Pengaturan alat memiliki tujuan untuk mencegah penyebaran infeksi karena alat
tidak steril. Selain itu, alat-alat yang tidak diperlukan dan membahayakan harus
dipindahkan dan diletakkan jauh dari jangkauan klien guna terpenuhinya
kebutuhan keamanan klien dan mengurangi resiko cedera.
d) Perawatan antiretroviral rutin
Pengidap HIV sangat dianjurkan untuk menjalani perawatan antiretroviral secara
rutin. Perawatan ini adalah perawatan khusus yang ditujukan bagi penderita yang
terinfeksi retrovirus, terutama HIV. Obat yang digunakan dalam perawatan ini
akan berbeda tergantung pada stadium yang diderita oleh penderita. Maka dari
itu, sangat penting bagi siapa pun yang sudah mengetahui dirinya terjangkit HIV,
untuk melakukan pemeriksaan rutin dan berkonsultasi secara aktif dengan ahli
kesehatan yang mengetahui kondisinya. Hal itu penting dilakukan untuk
mengetahui perkembangan kesehatan diri dan mendapatkan penanganan sesuai
stasenya Pengobatan ini baik dilakukan secepat mungkin jika memungkinkan,
sebelum persebaran virus semakin meluas dan membahayakan. Terapi ini akan
membuat penderita mengonsumsi beberapa jenis obat-obatan medis, dan pasti
akan menimbulkan efek samping pada bulan-bulan pertama pemakaian. Namun,
apabila efek samping itu mempengaruhi kualitas hidup yang sebelumnya ada,
disarankan untuk beralih dan menukar jenis obat yang digunakan untuk
penyembuhan. Pengobatan ini harus dilakukan secara rutin dan teratur. Jika tidak,

13
maka pengobatan ini tidak akan membantu penderita mendapatkan imun yang
stabil.
e) Food Safety and Healthy Diet
Perawat dapat menjaga keamanan pasien HIV/AIDS dengan memperpanjang
kualitas hidupnya yang lebih baik dibandingkan sebelumnya. Upaya yang bisa
dilakukan yakni melalui food safety. Alasannya karena itu merupakan pencegahan
yang sangat penting tehadap infeksi lebih parah yang mungkin dibawa oleh
bakteri atau patogen pada makanan dan air. Dimulai dari handling, preparing,
dan consuming, semuanya harus diwaspadai kandungan dan tingkat
kehigienisannya. 4 langkah dasar food safety yang perlu diterapkan yakni Clean,
Separate, Cook, dan Chill (to freeze). Melakukan food safety tentu akan
memengaruhi kualitas makanan yang dikonsumsi. Semakin baik kualitas
makanan maka kekuatan dan energi pada sistem imun semakin baik. Beberapa
contoh tips food safety lainnya yaitu:
 tidak makan telur, daging, dan seafood mentah karena pada bahan makanan
yang mentah pasti membawa banyak bakteri yang menggangu imunitas pasien
HIV/AIDS.
 meminum air yang sudah disaring dan dimasak lebih dulu karena
kemungkinan besar bakteri sudah mati terlebih dulu sebelum diminum.
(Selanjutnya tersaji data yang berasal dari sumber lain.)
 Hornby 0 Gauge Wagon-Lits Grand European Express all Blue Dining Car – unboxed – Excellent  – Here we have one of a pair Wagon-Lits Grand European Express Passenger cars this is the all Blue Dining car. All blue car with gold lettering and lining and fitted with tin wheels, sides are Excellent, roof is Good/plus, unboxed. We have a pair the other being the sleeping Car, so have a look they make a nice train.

Selain memperhatikan food safety untuk menjaga keamanan pasien HIV/AIDS,
perawat bisa menganjurkan healthy diet sebagai gaya hidup yang dapat
memperkuat sistem imun dan menjaga kesehatan pasien. Diet bisa dilakukan
dengan makan 4 sehat 5 sempurna, makanan yang meningkatkan berat badan, dan
food low saturated fat.

J. PENGKAJIAN
1. Aktivitas / istirahat
 Gejala: Mudah lelah, berkurangnya toleransi terhadap aktivitas biasanya, progresi
kelelahan / malaise, perubahan pola tidur.
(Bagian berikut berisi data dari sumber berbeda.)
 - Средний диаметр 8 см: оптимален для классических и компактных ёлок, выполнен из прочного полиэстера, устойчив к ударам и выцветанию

 Tanda: Kelemahan otot, menurunnya massa otot dan perubahan dalam TD,
frekuensi jantung, pernapasan.
2. Sirkulasi
 Gejala: Proses penyembuhan luka yang lambat (bila anemia); perdarahan lama
pada cedera (jarang terjadi).
 Tanda: Takikardia, perubahan TD postural, menurunnya volume nadi perifer,
pucat atau sianosis: perpanjangan kapiler.
3. Integritas ego
 Gejala: Faktor stres yang berhubungan dengan kehilangan, mis: dukungan
keluarga, hubungan dengan orang lain, mengkuatirkan penampilan: alopesia, lesi
cacat. Menurunnya BB, mengingkari diagnosa, merasa tidak berdaya, putus asa,
tidak berguna, rasa bersalah, kehilangan kontrol diri dan depresi.
 Tanda: Mengingkari, cemas, defresi, takut, menarik diri. Perilaku marah, postur
tubuh mengelak, menangis, dan kontak mata kurang.

14
4. Eliminasi
 Gejala: Diare yang intermitten, terus menerus, sering dengan atau tanpa disertai
kram abdominall dan nyeri panggul, rasa terbakar saat miksi.
 Tanda: Feces dengan atau tanpa disertai mukus dan merah, diare pekat yang
sering nyeri tekan abdominal, lesi atau abses rectal, personal, perubahan dalam
jumlah, warna dan karakteristik urin.
5. Makanan / cairan
 Gejala: Anoreksia, perubahan dalam kemampuan mengenali makanan / mual /
muntah, disfagia, nyeri retrostenal saat menelan, penurunan berat badan, lesi pada
rongga mulut, adanya selaputnya putih dan perubahan warna, kesehatan gigi /
gusi yang buruk, adanya gigi yang tanggal, edema (umum, dependen).
6. Higiene
 Gejala: Tidak dapat menyelesaikan aktivitas.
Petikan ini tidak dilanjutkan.